BSD 3-Clause "New" or "Revised" License
21 stars 0 forks source link

CHAD: Combinatory Homomorphic Automatic Differentiation

chad

This repo contains a reference implementation of CHAD in Haskell.

CHAD is a method for reverse and forward mode automatic differentiation on expressive functional languages. It performs AD as a compositional, type-safe source code transformation that transforms each language primitive to its (transposed) derivative. This code transformation is homomorphic in the sense of being a structure-preserving functor — in fact, this homomorphism property forces the definitions of CHAD to be what they are. As a consequence, CHAD admits a straightforward correctness proof that shows that it computes the correct (transposed) derivative of any composite program, provided that the (transposed) derivatives of all language primitives are implemented correctly. This compositionality makes CHAD easy to extend with new language features.

CHAD was introduced in [1] (extended and improved version of [2]), which was, in turn, inspired by the ideas in [3]. [4] turns out to give a similar treatment of AD of higher order functions as the homomorphic definitions dictated by CHAD. [5] extends CHAD to source languagues with more expressive type systems.

Want to try it?

This is a reference implementation, and does not attempt to be high-performance or compatible with other languages/tools. Indeed, its purpose is to give insight into how the CHAD definitions can work on an actual language in actual code. It's not all category theory, it's also working code that you can use.

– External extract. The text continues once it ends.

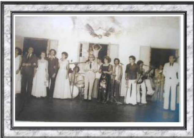
Festividade de Colação de Grau do Curso Magistério da Escola Normal Presidente Castelo Branco - Oeiras/PI, 1975

So then you also need to be able to use it. The code builds using both cabal and stack. (If you have a reasonable system and it doesn't build, open an issue.) Use cabal repl or stack repl to build the dependencies and open a REPL, and make sure you've got some necessary modules loaded using e.g.:

> :m SourceLanguage TargetLanguage TargetLanguage.Simplify STConvert Concrete Concrete.Simplify ToConcrete ForwardAD ReverseAD Types Operation Examples
> :set -XTypeApplications -XDataKinds

(Yes, it's the kitchen sink, but none of the modules should export clashing names, so it's fine.) (The second line sets some extensions necessary to use two of the example programs.) Then try printing one of the example programs:

> putStrLn $ prettyTt $ stConvert $ paper_ex1
let x1 = 2.0 * ctxtVar1 ; x2 = ctxtVar1 * x1 ; x3 = cos x2 ; x4 = ((x1, x2), x3) in x4
> putStrLn $ prettyTt $ stConvert $ paper_ex4 @5
let x1 = \x2 -> ctxtVar2 * x2 ; x3 = map1 (\x4 -> x1 x4) ctxtVar1 ; x5 = sum x3 in x5

There are plain Haskell implementations of functions equivalent to these programs in the Examples module under the names paper_ex1_ref and paper_ex4_ref (and similarly for examples 2 and 3 from [1]).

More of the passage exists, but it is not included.